XLVIII

Hulda curved slowly and cautiously toward a construction site in a low northern latitude not far east of the sunrise line. Lost to naked-eye visibility, the Susaian ship maneuvered to her station while always keeping the Asborgan in line of sight.

The three sat in the control compartment under a slight weight of deceleration. The silence between them seemed to thrum. Finally Hebo cried, “Oh, Christ, Lissa, I’m so sorry!”

The woman looked at him and raised her brows. “For what?” she asked.

“Getting you into this mess.”

“Don’t blither. You know damn well I got myself into it. And I’m not sorry. See what I’ve gained.”

They leaned as closely together as harness allowed. Arms encircled, lips clung. To hell with the fact that they weren’t alone. This could be their last time.

They let go when Dzesi said, “We are not foredone yet.”

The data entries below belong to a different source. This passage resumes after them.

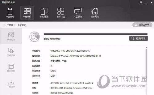 2、点击系统重装后,黑鲨装机大师自动进行环境检测,显示电脑配置。并推荐合适的安装系统。检测环境完成后,点击“下一步”。
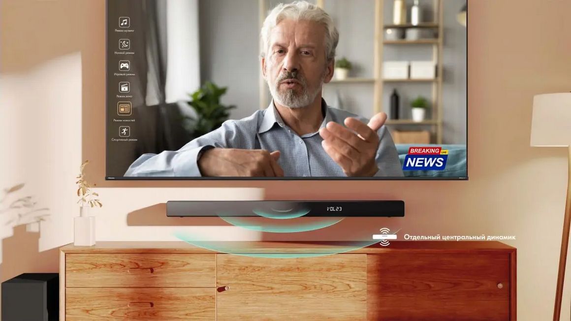 При сопряжении с Hisense TV в ТВ-режиме динамики саундбара целиком раскрывают свой потенциал и обеспечивают непревзойденное аудиальное восприятие с созданием иммерсивного звукового окружения.
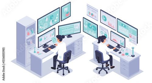 Laboratory research analysis vector illustration – modern isometric style for educational design
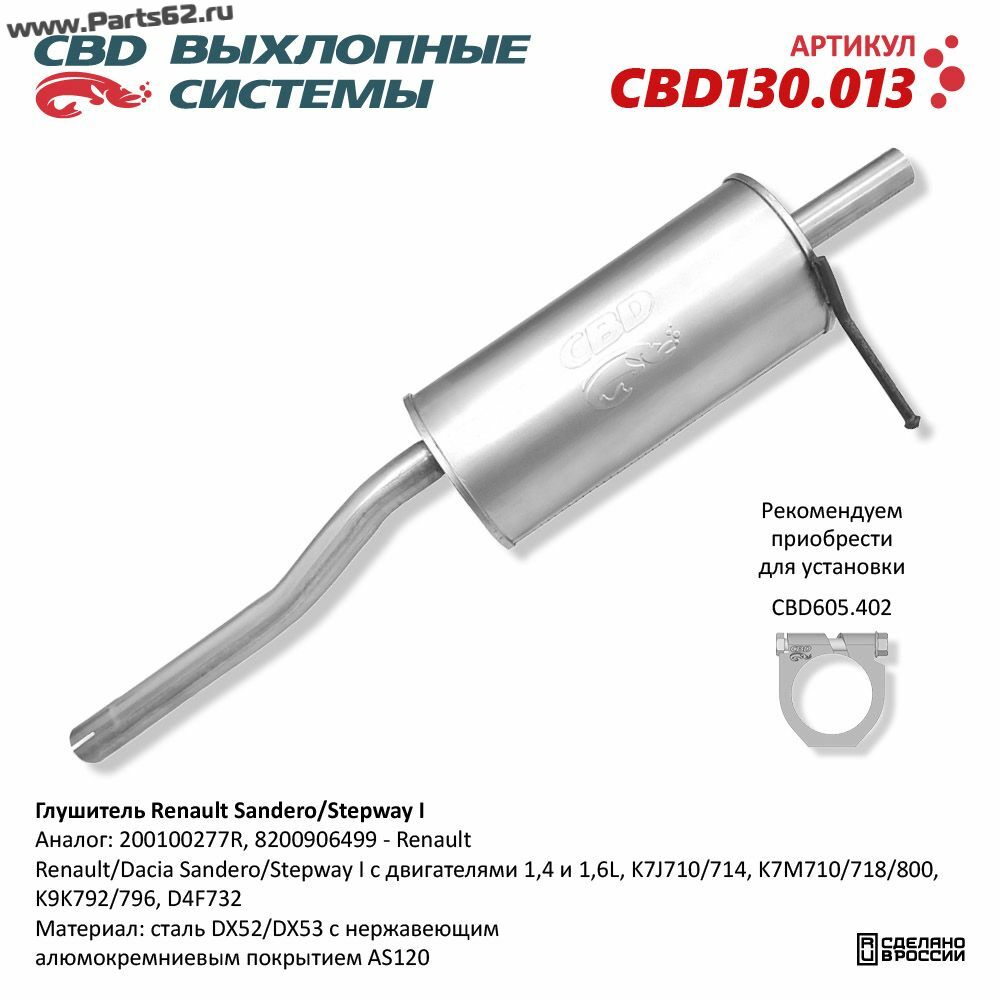 | Наименование | Глушитель Renault Sandero/Stepway I 200100277R 1,4/1,6L. Нержавеющий. CBD130.013 |

Hebo regained a measure of balance. “No, by God,” he agreed. His fist smote the arm of his chair.

“Although if we are,” the anthropard murmured, “can the Ulas Trek somehow, someday know how we died, and that we died well?”

It oddly touched Lissa. What other wistfulnesses lay behind that tigerish face?

“Incoming communication,” Hulda announced.

Lissa’s pulse fluttered. “Accept,” she directed.

Romon Kaspersson Seafell’s image appeared on the screen. Hebo stiffened, Dzesi bared teeth. Lissa met the gaze. It was surprising that the man was not triumphant, but white-lipped, unkempt, and a tic at the right corner of his mouth. “Yes,” she acknowledged icily, “Ironbright said you might call.”

“What do your keepers allow you to tell?” Hebo jeered. “And is it the truth?”

Lissa shook her head at him. “No sense in quarreling,” she whispered. He scowled but nodded.

Although the pickup scanned all of them, Romon’s eyes were wholly for her. His voice stumbled. “I’m free to answer—most questions.… Lissa, Lissa, I never expected this!”

She caught the undertone of a trans rendering their Anglay into a Susaian tongue. “What did you expect, then?” she demanded.

“I— My House— You know what loyalty to one’s House means.”

“And status in it,” Hebo couldn’t help snorting, “power, personal profit.”

It stung, maybe, but it also stiffened. “Yes,” Romon gave back, “I spied on you. Why not? I’d always suspected you had some ulterior motive, above and beyond the profit you claimed you craved. When the chance came to learn more, the situation suggested that there was in fact something to learn, something you’d kept hidden from your backers, your partners.”

“My own business.”

“Must you humans always make those smug noises?” Dzesi muttered.

Romon spoke again to Lissa. “I should think you, at least, would understand. House Seafell needs an advantage. The big ones like Windholm have dominated our politics, our world, too long.” Hastily: “No offense to you, though, none, I swear.”

“Enough self-justification on both sides,” she snapped. “What did you do?”

He drew breath. “I took my information to the Seafell magnates. What else? It looked far-fetched to them. And yet, who knew? Our House couldn’t send an expedition. And if we did have the means, how could we keep possession of whatever we found? Nor did we want to bring in some rival House. Besides, yes, Torben, you were right about how that would have meant endless delay and debate and publicity, giving the game away to anyone ready to take prompt, decisive action.”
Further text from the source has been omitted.